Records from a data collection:
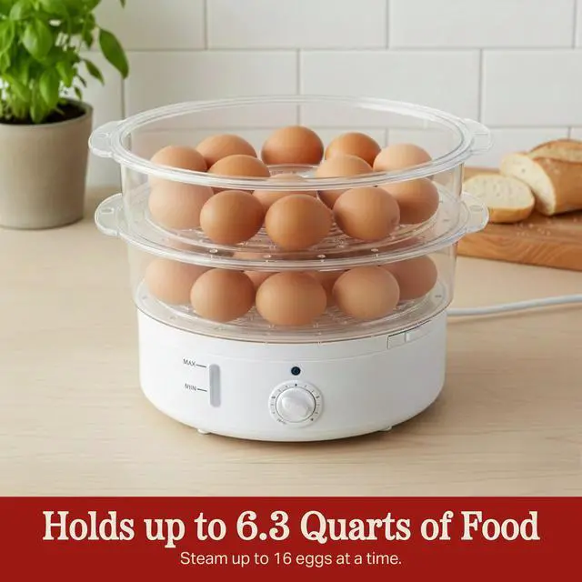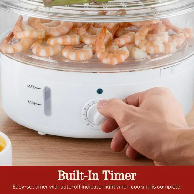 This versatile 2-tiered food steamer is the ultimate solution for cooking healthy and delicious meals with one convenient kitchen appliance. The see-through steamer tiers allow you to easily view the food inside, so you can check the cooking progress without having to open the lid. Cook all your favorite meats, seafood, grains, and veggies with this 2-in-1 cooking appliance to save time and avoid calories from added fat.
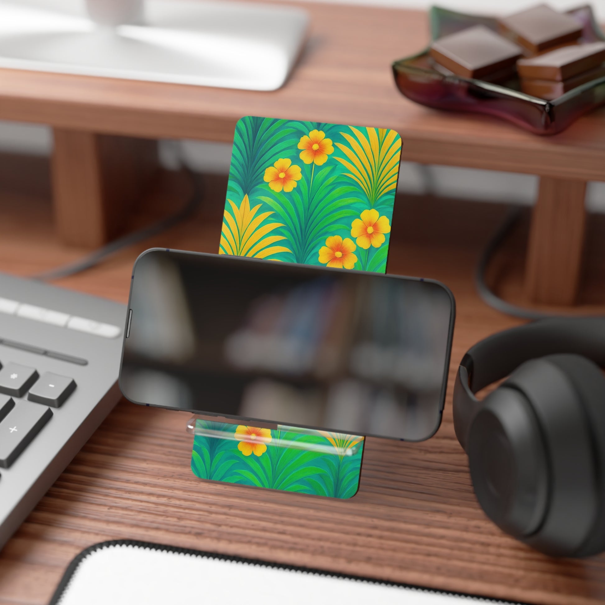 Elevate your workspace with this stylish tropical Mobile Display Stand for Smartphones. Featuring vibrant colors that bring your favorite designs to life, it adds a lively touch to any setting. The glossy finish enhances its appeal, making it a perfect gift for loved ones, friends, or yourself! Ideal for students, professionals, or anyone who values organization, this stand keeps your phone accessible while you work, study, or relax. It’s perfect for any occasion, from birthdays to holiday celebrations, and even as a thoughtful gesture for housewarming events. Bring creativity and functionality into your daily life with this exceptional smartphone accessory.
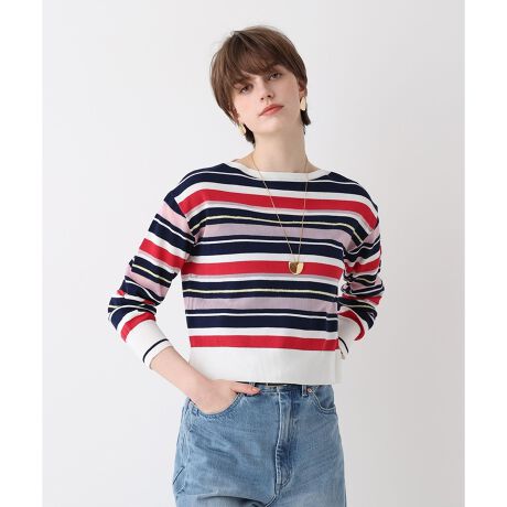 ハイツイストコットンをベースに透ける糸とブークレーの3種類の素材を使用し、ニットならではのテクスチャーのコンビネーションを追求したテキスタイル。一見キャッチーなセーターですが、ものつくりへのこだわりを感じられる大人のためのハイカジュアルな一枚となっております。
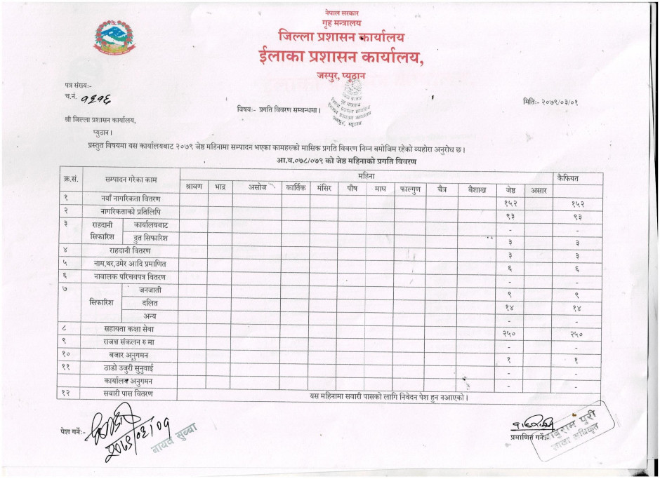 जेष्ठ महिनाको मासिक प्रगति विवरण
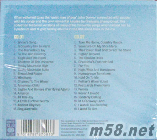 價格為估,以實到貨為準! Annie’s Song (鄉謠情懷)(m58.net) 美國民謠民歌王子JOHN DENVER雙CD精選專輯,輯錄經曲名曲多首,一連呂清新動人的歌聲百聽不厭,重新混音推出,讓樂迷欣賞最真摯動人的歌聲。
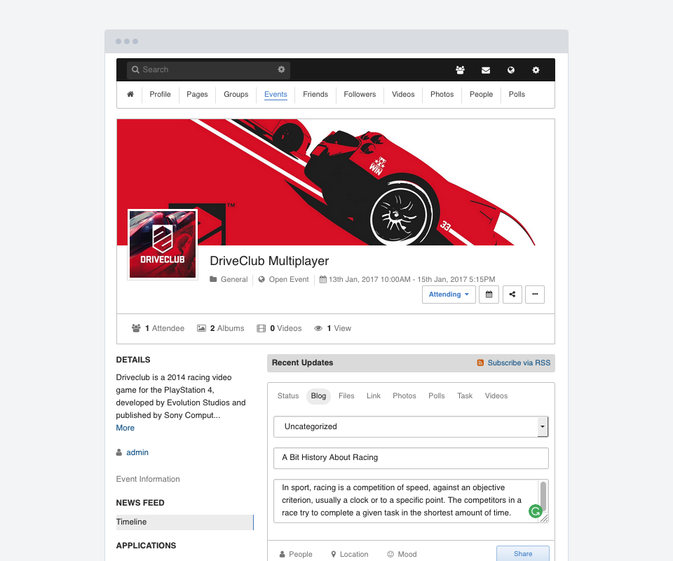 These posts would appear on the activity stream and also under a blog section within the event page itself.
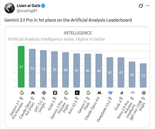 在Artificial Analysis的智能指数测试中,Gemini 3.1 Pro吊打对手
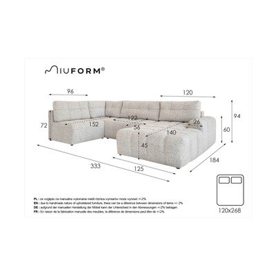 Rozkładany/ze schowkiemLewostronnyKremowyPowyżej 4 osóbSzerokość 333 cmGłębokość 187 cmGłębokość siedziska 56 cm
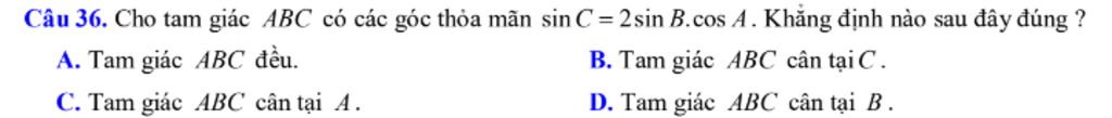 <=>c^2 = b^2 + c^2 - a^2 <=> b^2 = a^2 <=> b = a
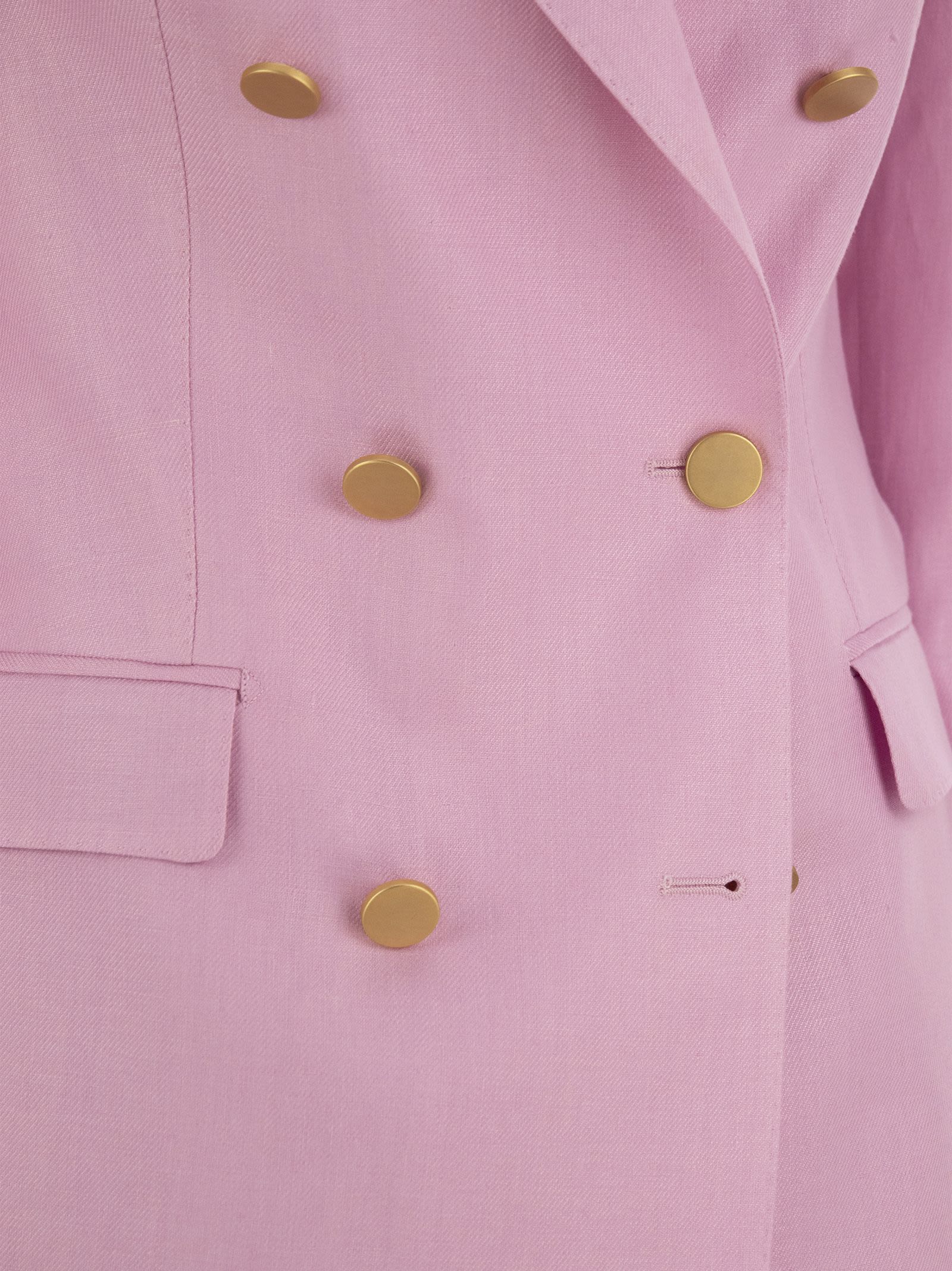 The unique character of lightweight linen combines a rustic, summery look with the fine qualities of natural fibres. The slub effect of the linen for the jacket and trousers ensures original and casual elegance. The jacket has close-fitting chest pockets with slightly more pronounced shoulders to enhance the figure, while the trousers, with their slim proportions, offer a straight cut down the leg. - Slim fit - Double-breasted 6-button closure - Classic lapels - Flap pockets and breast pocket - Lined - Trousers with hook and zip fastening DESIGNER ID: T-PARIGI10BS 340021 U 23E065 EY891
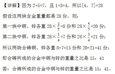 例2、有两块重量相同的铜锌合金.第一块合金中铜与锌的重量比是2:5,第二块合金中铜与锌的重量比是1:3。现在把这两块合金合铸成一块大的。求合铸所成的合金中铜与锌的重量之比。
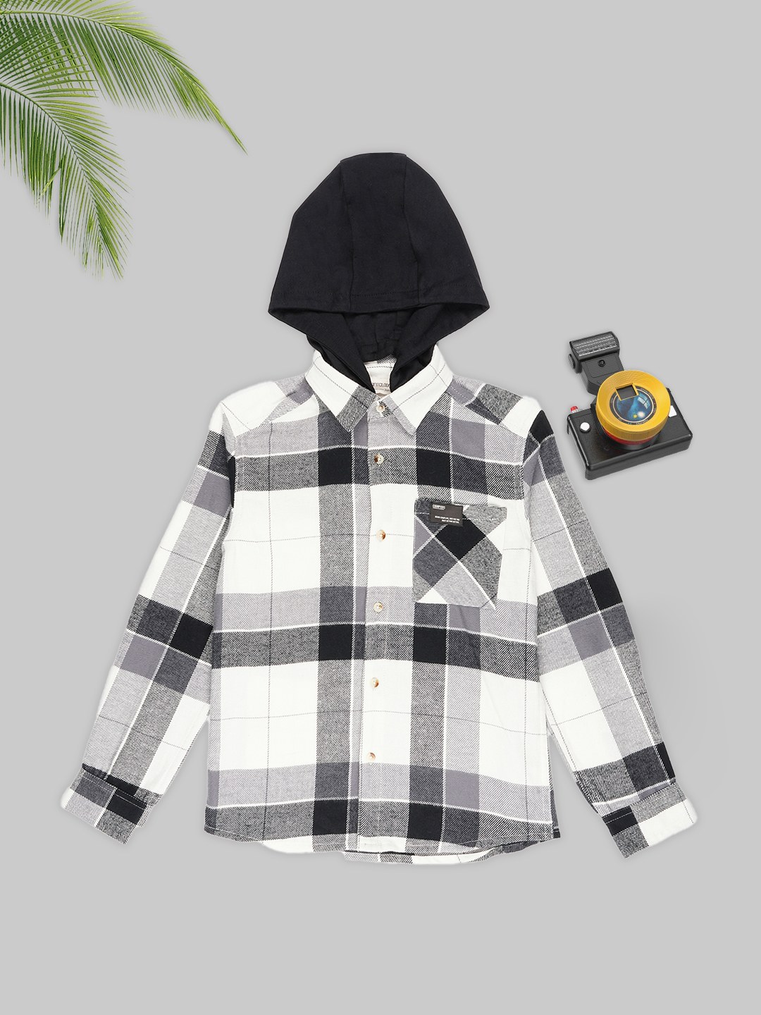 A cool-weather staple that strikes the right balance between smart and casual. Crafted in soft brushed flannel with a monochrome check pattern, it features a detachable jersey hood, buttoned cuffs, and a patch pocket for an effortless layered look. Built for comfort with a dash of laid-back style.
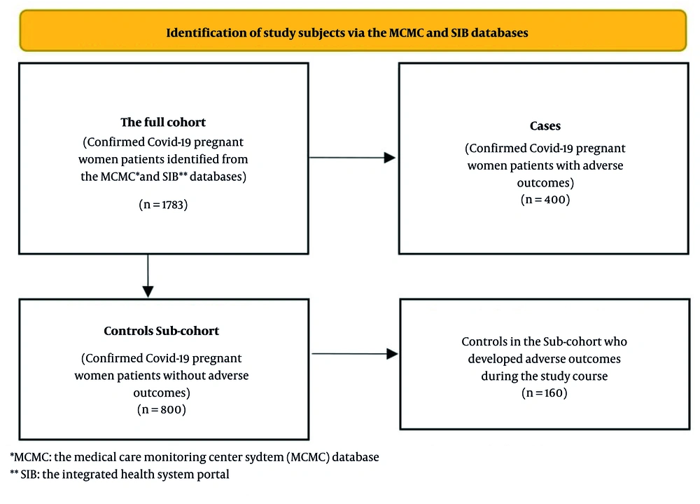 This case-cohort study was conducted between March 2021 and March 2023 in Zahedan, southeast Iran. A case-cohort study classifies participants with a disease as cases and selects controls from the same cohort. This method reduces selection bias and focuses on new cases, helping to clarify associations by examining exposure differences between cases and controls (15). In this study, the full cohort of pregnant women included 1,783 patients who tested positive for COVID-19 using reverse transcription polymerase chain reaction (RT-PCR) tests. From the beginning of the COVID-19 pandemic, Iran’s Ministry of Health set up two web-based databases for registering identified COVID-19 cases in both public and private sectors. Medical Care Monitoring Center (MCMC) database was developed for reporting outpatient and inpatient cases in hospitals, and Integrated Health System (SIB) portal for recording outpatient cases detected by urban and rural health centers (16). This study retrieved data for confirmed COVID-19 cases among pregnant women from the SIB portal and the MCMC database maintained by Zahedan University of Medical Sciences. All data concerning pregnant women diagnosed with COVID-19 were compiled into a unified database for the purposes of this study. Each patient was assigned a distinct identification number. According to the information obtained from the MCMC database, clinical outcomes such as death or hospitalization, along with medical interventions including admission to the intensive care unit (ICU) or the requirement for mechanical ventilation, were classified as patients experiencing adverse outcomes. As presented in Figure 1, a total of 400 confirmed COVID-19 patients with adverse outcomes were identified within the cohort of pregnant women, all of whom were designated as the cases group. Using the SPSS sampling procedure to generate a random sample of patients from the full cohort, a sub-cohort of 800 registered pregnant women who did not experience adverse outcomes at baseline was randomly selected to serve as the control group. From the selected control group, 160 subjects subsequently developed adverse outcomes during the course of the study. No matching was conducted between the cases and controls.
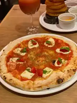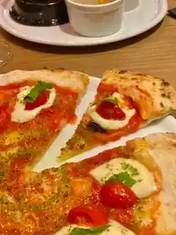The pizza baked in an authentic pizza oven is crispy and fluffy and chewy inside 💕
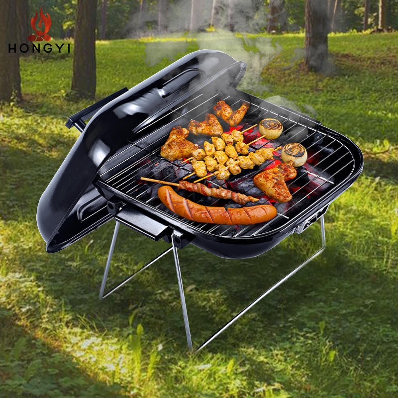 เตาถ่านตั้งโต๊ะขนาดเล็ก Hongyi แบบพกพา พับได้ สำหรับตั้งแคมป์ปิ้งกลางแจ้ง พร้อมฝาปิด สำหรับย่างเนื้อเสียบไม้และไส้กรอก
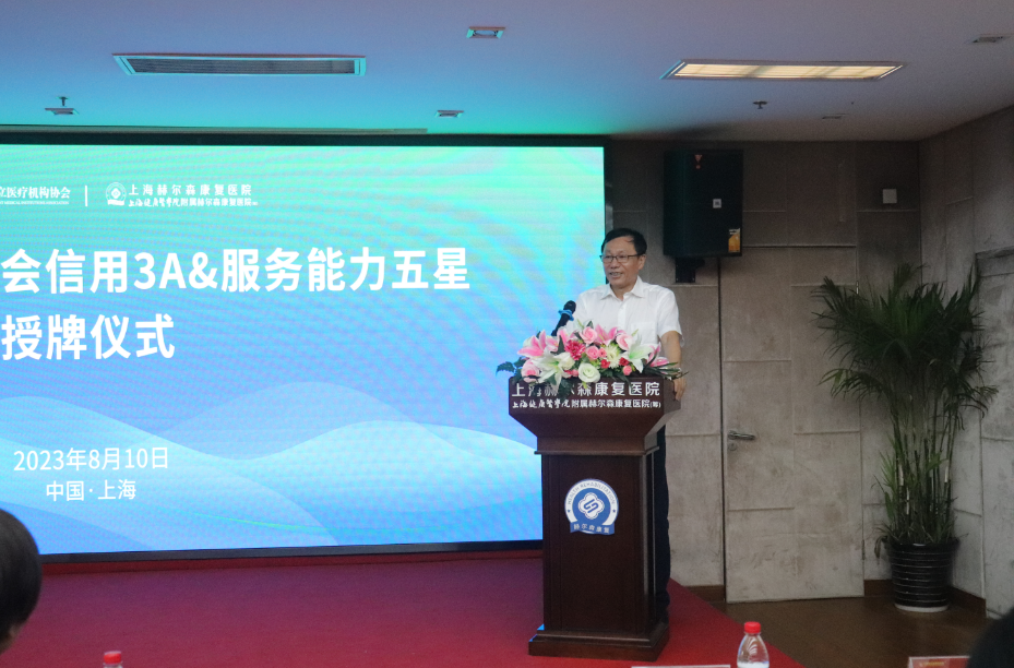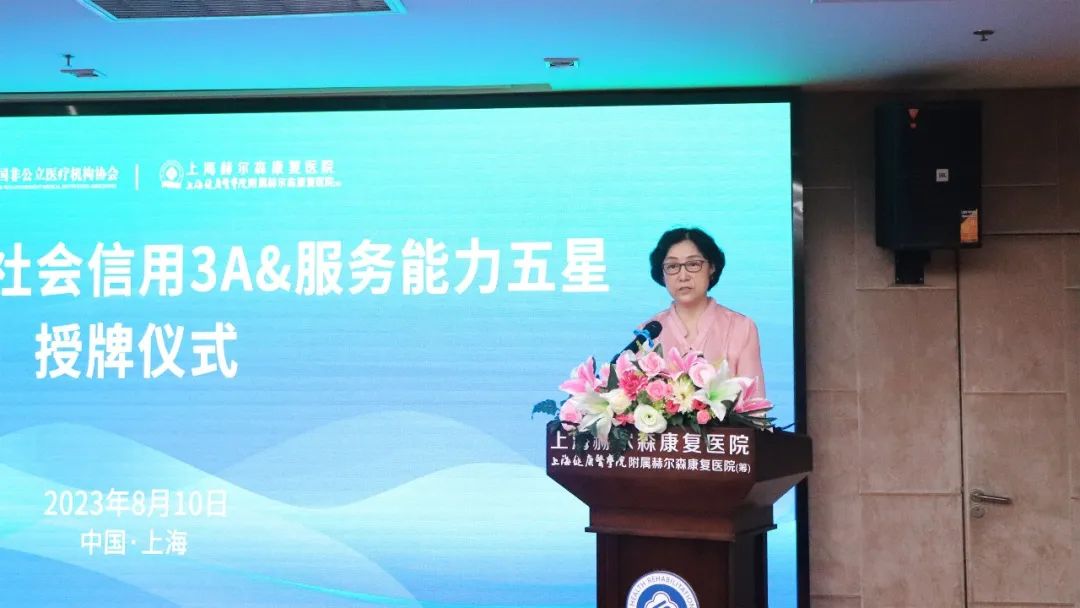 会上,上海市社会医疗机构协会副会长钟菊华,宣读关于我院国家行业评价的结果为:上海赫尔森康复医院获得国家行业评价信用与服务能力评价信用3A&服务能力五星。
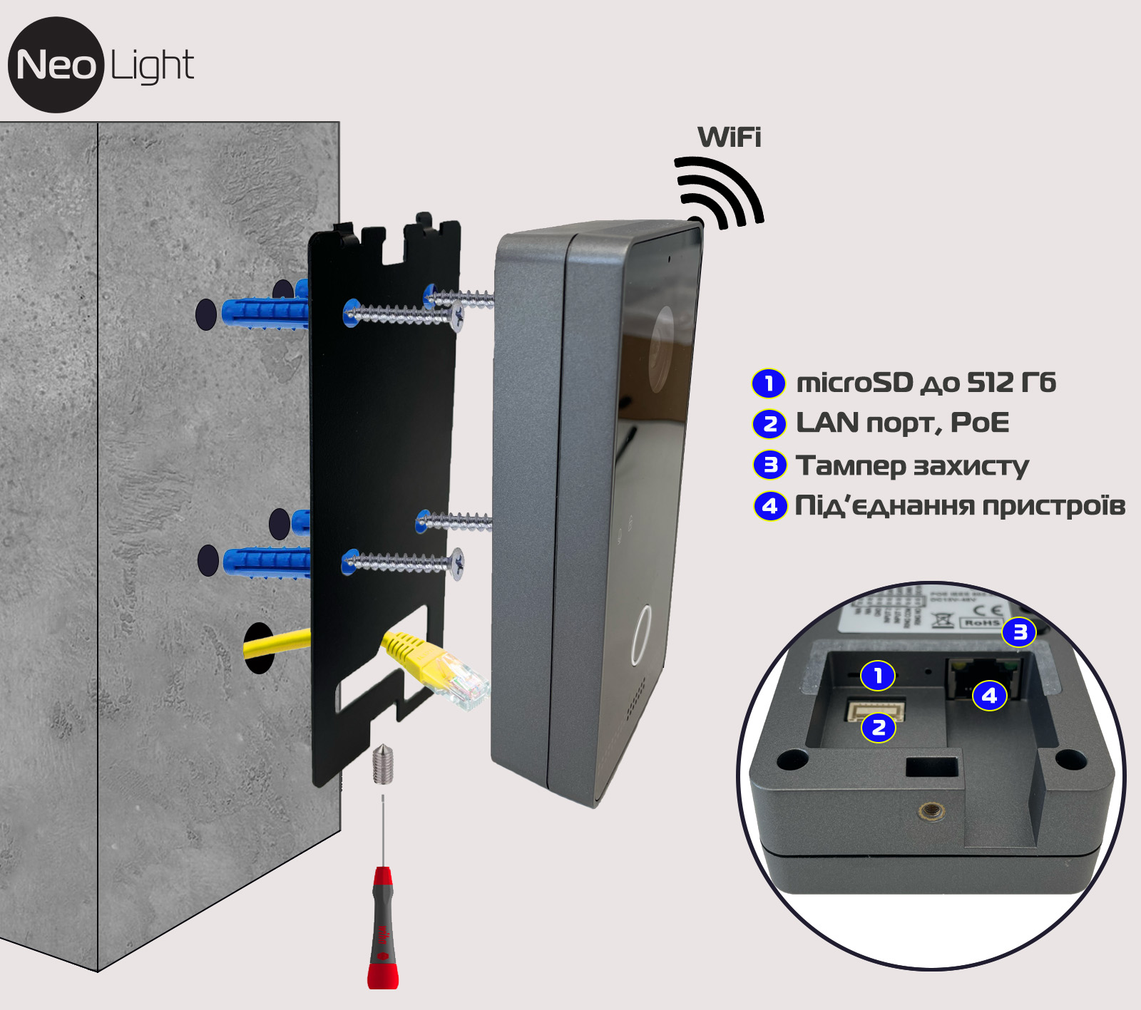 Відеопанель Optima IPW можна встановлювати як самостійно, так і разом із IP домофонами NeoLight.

**What needs to be done**. What you write out is the stretch of entries from the line containing "These posts would" to the line containing "<=>c^2 = b^2 + c^2", word for word, with both end lines and no pictures.

**Answer to this exercise**.
 These posts would appear on the activity stream and also under a blog section within the event page itself.
 在Artificial Analysis的智能指数测试中,Gemini 3.1 Pro吊打对手
 Rozkładany/ze schowkiemLewostronnyKremowyPowyżej 4 osóbSzerokość 333 cmGłębokość 187 cmGłębokość siedziska 56 cm
 <=>c^2 = b^2 + c^2 - a^2 <=> b^2 = a^2 <=> b = a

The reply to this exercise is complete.